Features: - Config-driven model initialization (zero hardcoding) - Automatic device detection (CPU/CUDA) - Multiple loss functions (MSE, Huber, optional Focal) - Early stopping with patience - Learning rate scheduling (StepLR, Cosine Annealing) - Gradient clipping (global and parameter-specific) - Comprehensive metrics tracking (RMSE, R², MAE) - Progress bars with detailed statistics - Holdout evaluation during training

Parameters:: config (Dict[str, Any], optional) – Configuration dictionary containing all training parameters. If None, uses default configuration from get_default_config().

model

The initialized model instance

Type:: DeepCausalMMM

optimizer

The optimizer (Adam by default)

Type:: torch.optim.Optimizer

scheduler

Learning rate scheduler if enabled

Type:: torch.optim.lr_scheduler._LRScheduler

device

Training device (CPU or CUDA)

Type:: torch.device

best_rmse

Best holdout RMSE achieved during training

Type:: float

train_losses

Training loss history

Type:: List[float]

train_rmses

Training RMSE history

Type:: List[float]

train_r2s

Training R² history

Type:: List[float]

Examples

>>> from deepcausalmmm.core.trainer import ModelTrainer
>>> from deepcausalmmm.core.config import get_default_config
>>>
>>> # Initialize trainer with custom config
>>> config = get_default_config()
>>> config['n_epochs'] = 1000
>>> config['learning_rate'] = 0.01
>>> trainer = ModelTrainer(config)
>>>
>>> # Train model (assumes processed_data is available)
>>> model, results = trainer.train(processed_data)
>>>
>>> # Access training history
>>> print(f"Final RMSE: {results['holdout_rmse']:.0f}")
>>> print(f"Final R²: {results['holdout_r2']:.3f}")
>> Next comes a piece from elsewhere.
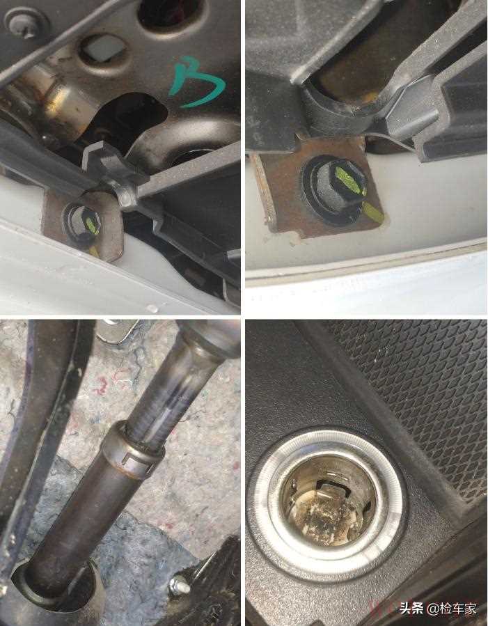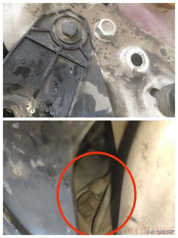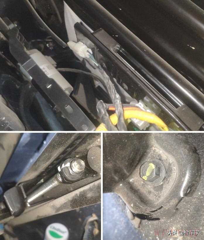 机舱部分首先检查到车头前方的水箱框架固定螺丝有过拆卸,周围的附件锁块,喇叭的固定螺丝同样有过拆卸痕迹;车头前方的防撞梁同样有过拆卸痕迹,那么可以确认,车头有过碰撞事故。
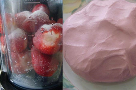 将洗净的草莓倒入搅拌机,加入少许白糖,加盖,打成草莓汁。糯米粉装入盆中,兑入打好的草莓汁,混合均匀,揉成粉团。

__init__(config: Dict[str, Any] | None = None)[source]

Initialize the trainer with configuration.

Parameters:: config – Configuration dictionary. If None, uses default config.

create_model(n_media: int, n_control: int, n_regions: int) → DeepCausalMMM[source]

Create and initialize model from config with reproducible initialization.

Parameters:

n_media – Number of media channels
n_control – Number of control variables
n_regions – Number of regions

Returns:

Initialized DeepCausalMMM model

create_optimizer_and_scheduler()[source]: Create optimizer and learning rate scheduler from config.

warm_start_training(X_media: Tensor, X_control: Tensor, R: Tensor, y: Tensor, verbose: bool = True) → None[source]

Perform warm-start training to stabilize GRU coefficients.

Parameters:

X_media – Media data tensor
X_control – Control data tensor
R – Region tensor
y – Target tensor
verbose – Whether to show progress

train_epoch(X_media: Tensor, X_control: Tensor, R: Tensor, y: Tensor) → Tuple[float, float, float][source]

Train for one epoch.

Parameters:

X_media – Media data tensor
X_control – Control data tensor
R – Region tensor
y – Target tensor

Returns:

Tuple of (loss, rmse, r2)

evaluate_holdout(X_media: Tensor, X_control: Tensor, R: Tensor, y: Tensor) → Tuple[float, float, float][source]

Evaluate model on holdout data.

Parameters:

X_media – Holdout media data tensor
X_control – Holdout control data tensor
R – Holdout region tensor
y – Holdout target tensor

Returns:

Tuple of (loss, rmse, r2)

should_stop_early(current_rmse: float) → bool[source]

Check if training should stop early based on RMSE improvement.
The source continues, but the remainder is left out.